Data in this exercise below:

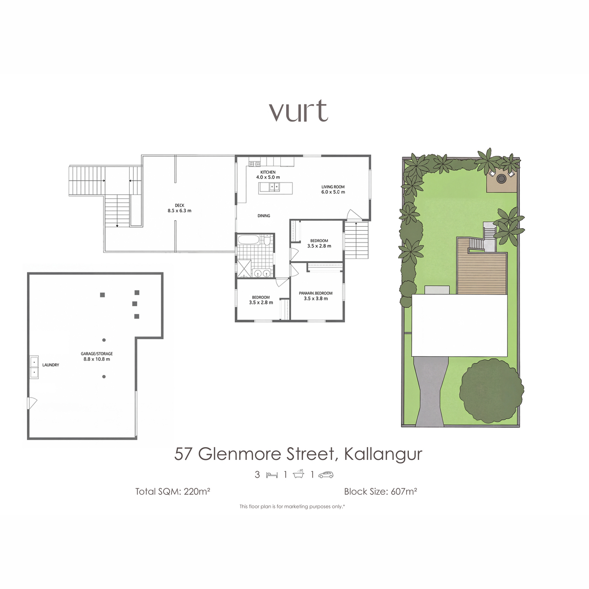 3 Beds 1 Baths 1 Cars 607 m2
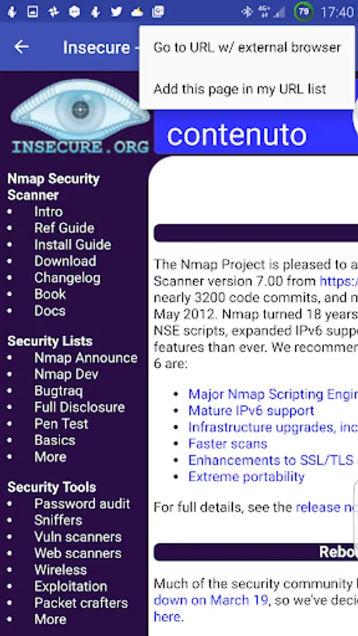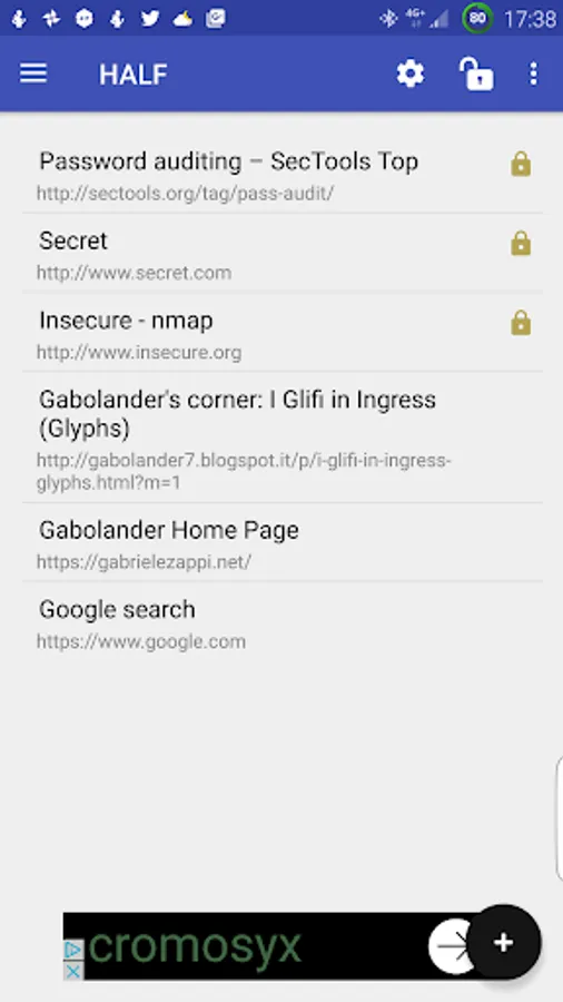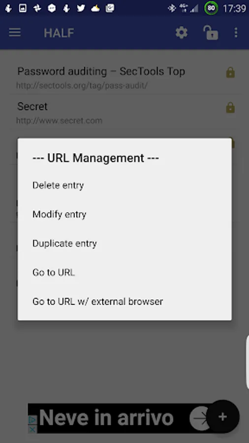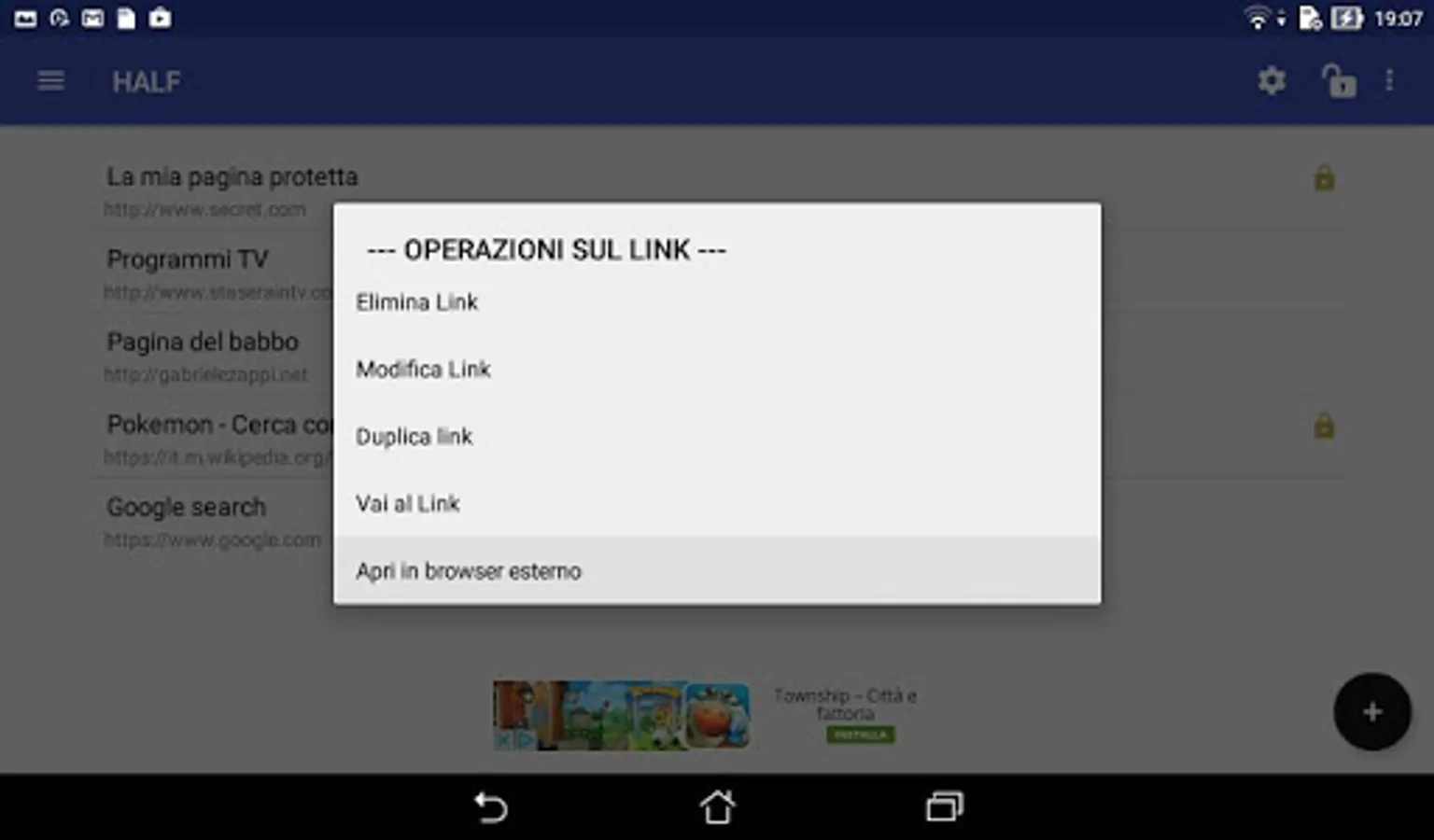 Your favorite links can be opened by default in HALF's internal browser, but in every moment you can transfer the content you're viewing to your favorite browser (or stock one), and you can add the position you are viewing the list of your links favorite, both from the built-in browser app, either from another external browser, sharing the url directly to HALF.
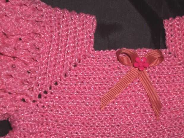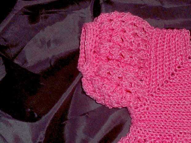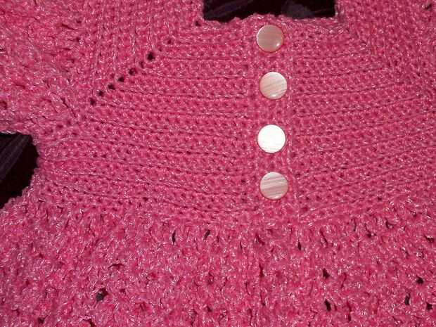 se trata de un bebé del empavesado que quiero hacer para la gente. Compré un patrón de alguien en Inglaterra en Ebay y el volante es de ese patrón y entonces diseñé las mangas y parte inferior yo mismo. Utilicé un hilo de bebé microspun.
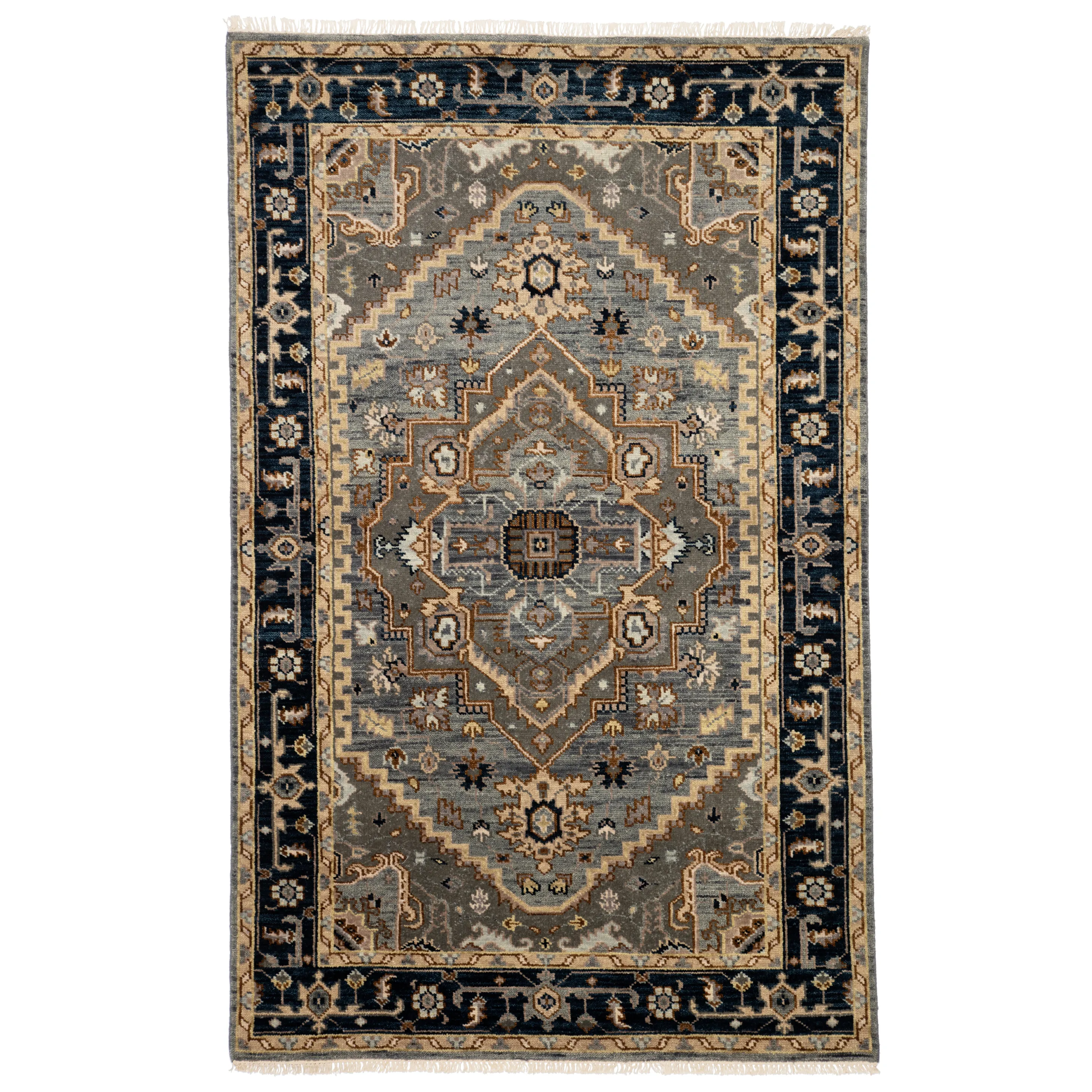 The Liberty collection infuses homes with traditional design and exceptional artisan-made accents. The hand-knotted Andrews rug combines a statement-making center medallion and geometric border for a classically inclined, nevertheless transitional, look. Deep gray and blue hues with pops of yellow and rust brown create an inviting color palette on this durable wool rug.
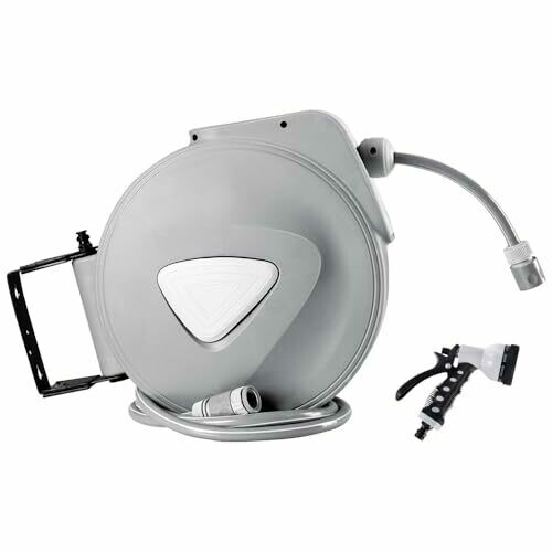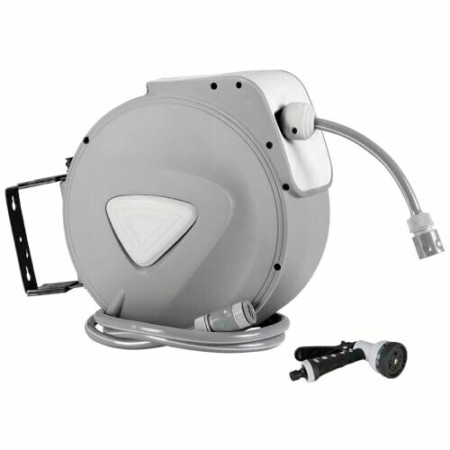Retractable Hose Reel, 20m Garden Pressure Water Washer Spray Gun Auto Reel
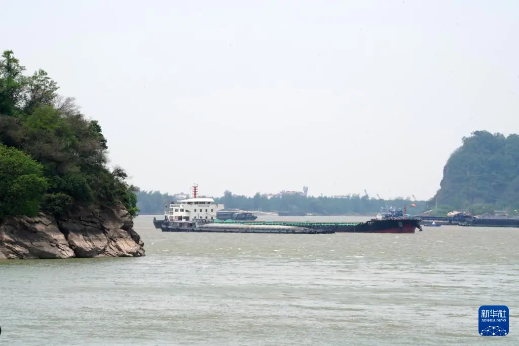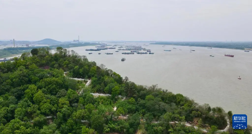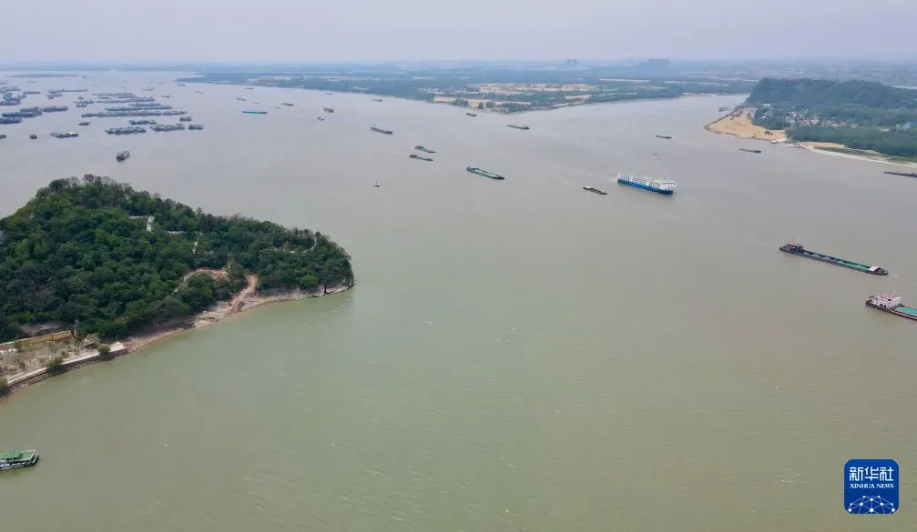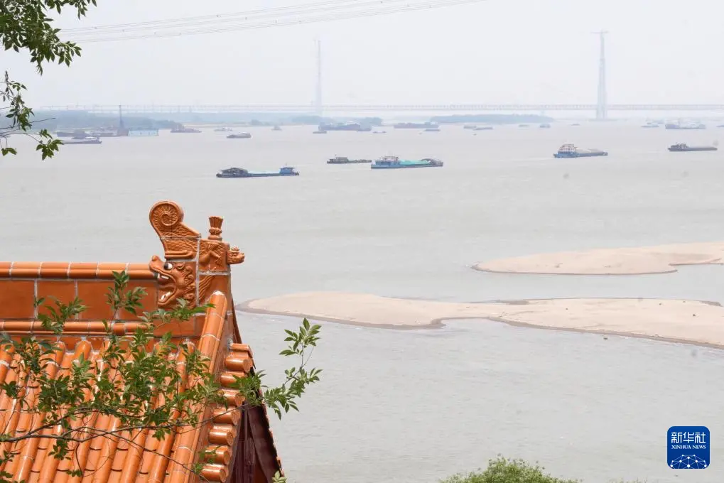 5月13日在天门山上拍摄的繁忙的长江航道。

End of Data in this exercise.

▶ [Brief]: Retype each of the entries above exactly as it appears, with no pictures.

▶ [Result of the task]:
 3 Beds 1 Baths 1 Cars 607 m2
 Your favorite links can be opened by default in HALF's internal browser, but in every moment you can transfer the content you're viewing to your favorite browser (or stock one), and you can add the position you are viewing the list of your links favorite, both from the built-in browser app, either from another external browser, sharing the url directly to HALF.
 se trata de un bebé del empavesado que quiero hacer para la gente. Compré un patrón de alguien en Inglaterra en Ebay y el volante es de ese patrón y entonces diseñé las mangas y parte inferior yo mismo. Utilicé un hilo de bebé microspun.
 The Liberty collection infuses homes with traditional design and exceptional artisan-made accents. The hand-knotted Andrews rug combines a statement-making center medallion and geometric border for a classically inclined, nevertheless transitional, look. Deep gray and blue hues with pops of yellow and rust brown create an inviting color palette on this durable wool rug.
Retractable Hose Reel, 20m Garden Pressure Water Washer Spray Gun Auto Reel
 5月13日在天门山上拍摄的繁忙的长江航道。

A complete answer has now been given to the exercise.